From his youth, Engel was interested in the geography of North America, and he collected many relevant rare books. From at least 1735, when he published a relevant letter, he was interested in the question of the existence of a land bridge between North America and Asia. He closely followed news of the Great Northern Expedition, in particular the reports of Johann Georg Gmelin, who was in contact with his cousin and friend Albrecht von Haller.

Despite the observations published by Gmelin, Engel was convinced that an ice free Northeast Passage existed, and tried unsuccessfully to persuade the British Admiralty to send an expedition.
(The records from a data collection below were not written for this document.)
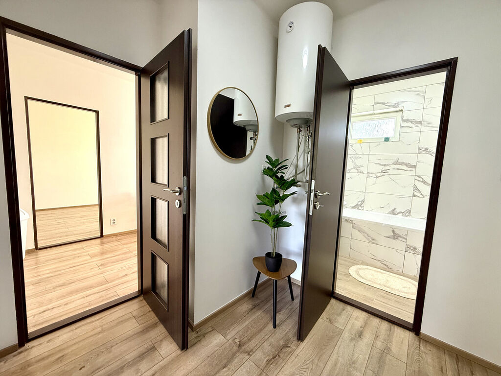 Jako přímí vlastníci nabízíme k prodeji kompletně zrekonstruovaný byt o dispozici 3+1, velikosti 66 m² + balkon, ulice Osvoboditelů 2651, Žatec. Rekonstrukce byla dokončena v březnu 2025. Byt v osobním vlastnictví je umístěn ve třetím, posledním patře nízkopodlažního cihlového domu a nabízí krásný výhled na řeku Ohři a historické centrum města.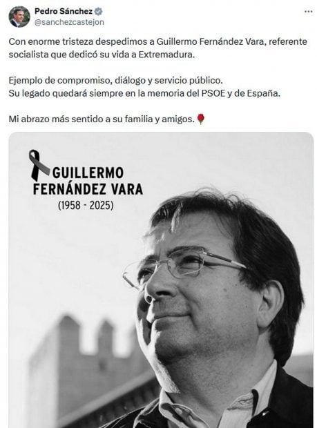 Precisamente, el presidente del Gobierno también ha querido pronunciarse tras este suceso y también ha recurrido a X para mostrar sus condolencias: «Con enorme tristeza despedimos a Guillermo Fernández Vara, referente socialista que dedicó su vida a Extremadura. Ejemplo de compromiso, diálogo y servicio público. Su legado quedará siempre en la memoria del PSOE y de España. Mi abrazo más sentido a su familia y amigos».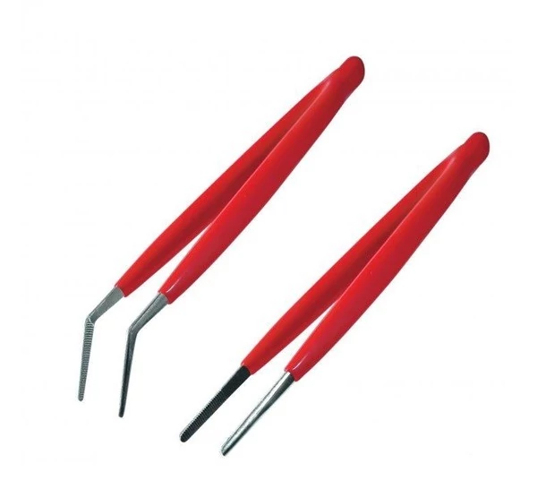 A műszerész csipesz készlet egy egyenes és egy 45°-ban hajlított csipeszből áll, közös jellemzőjük a jó fogású szigetelő bevonat recés fogófelület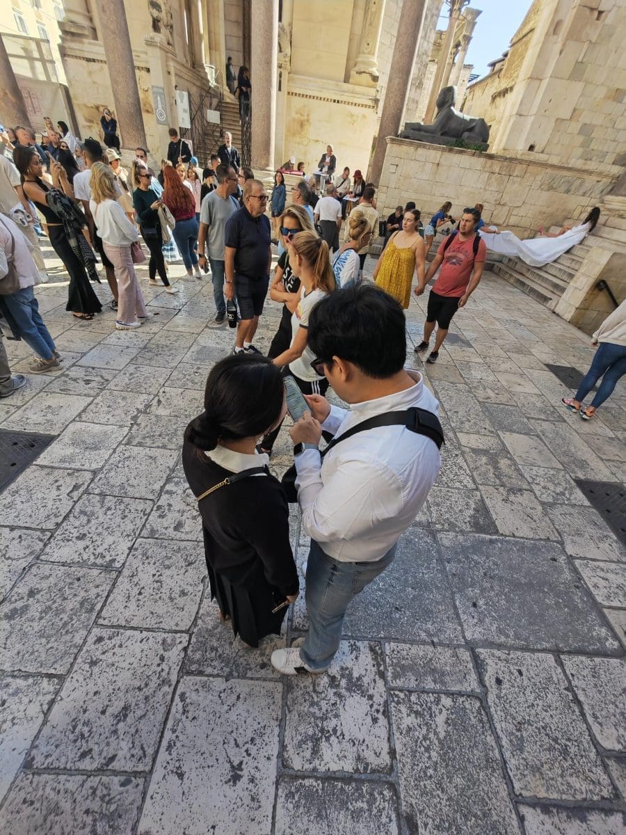 Najviše je trenutno gostiju s kruzera, Amerikanaca koji su se na Peristilu našli zajedno s ostalim gostima, bilo domaćim bilo stranim, za vrijeme fotografiranja modnog editorijala ili pak mladenke.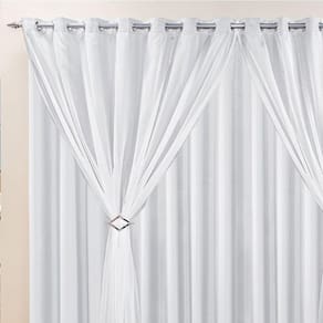 Para completar o visual, a Cortina Jéssica acompanha um par de abraçadeiras cromadas. Esses acessórios decorativos são ideais para segurar a cortina quando desejar deixar a luz natural entrar, além de adicionar um toque extra de estilo e charme à sua decoração.

The theory was that sea water could not freeze, so any ice in the polar sea must originate from freshwater rivers and be seasonal. Engel's 1765 book Mémoires et observations géographiques et critiques sur la situation des pays septentrionaux de l'Asie et de l'Amerique, which suggested the existence of a vast empty sea near the North Pole, had a great influence in England and France.

The Royal Society's vice president Daines Barrington, who was a follower of Engel's theories, wrote to the First Lord of the Admiralty, Lord Sandwich, in January 1773 and suggested an expedition to the North Pole. The Admiralty quickly started preparations, and the ships and (commanded by Constantine John Phipps and Skeffington Lutwidge, respectively) were sent on the 1773 Phipps expedition towards the North Pole. The Admiralty's instructions for Phipps from 25 May 1773 stated he should "proceed up to the North Pole or as far towards it as you are able, carefully avoiding the errors of former navigators by keeping as much as possible in the open sea, and as nearly upon a meridian to the said Pole as the ice or other obstructions you meet with will admit of. If you arrive at the Pole and should even find the sea so open as to admit of a free navigation on the opposite meridian you are not to proceed any further ..." However, the expedition got stuck in ice near Svalbard and only extricated itself after great difficulties.

Despite this, Engel and Barrington continued to insist that an ice free polar sea existed. Engel later translated Phipps' report of the voyage, A voyage towards the North Pole, into German as Reise nach dem Nordpol: Auf Befehl Ihro Königl. Großbrittannischen Majestät. Unternommen im Jahr 1773. In his 1777 book Neuer Versuch über die Lage der nördlichen Gegenden von Asia und Amerika, und dem Versuch eines Wegs durch die Nordsee nach Indien, he accused the Russian government of falsifying maps and defended his theories about the Northeast Passage.

Engel contributed articles on the geography of Northern Asia and America for Charles-Joseph Panckoucke's supplement to Denis Diderot's Encyclopédie. He also wrote an article about the cultivation and culinary use of the potato. In total, he contributed seven articles to volumes I–IV.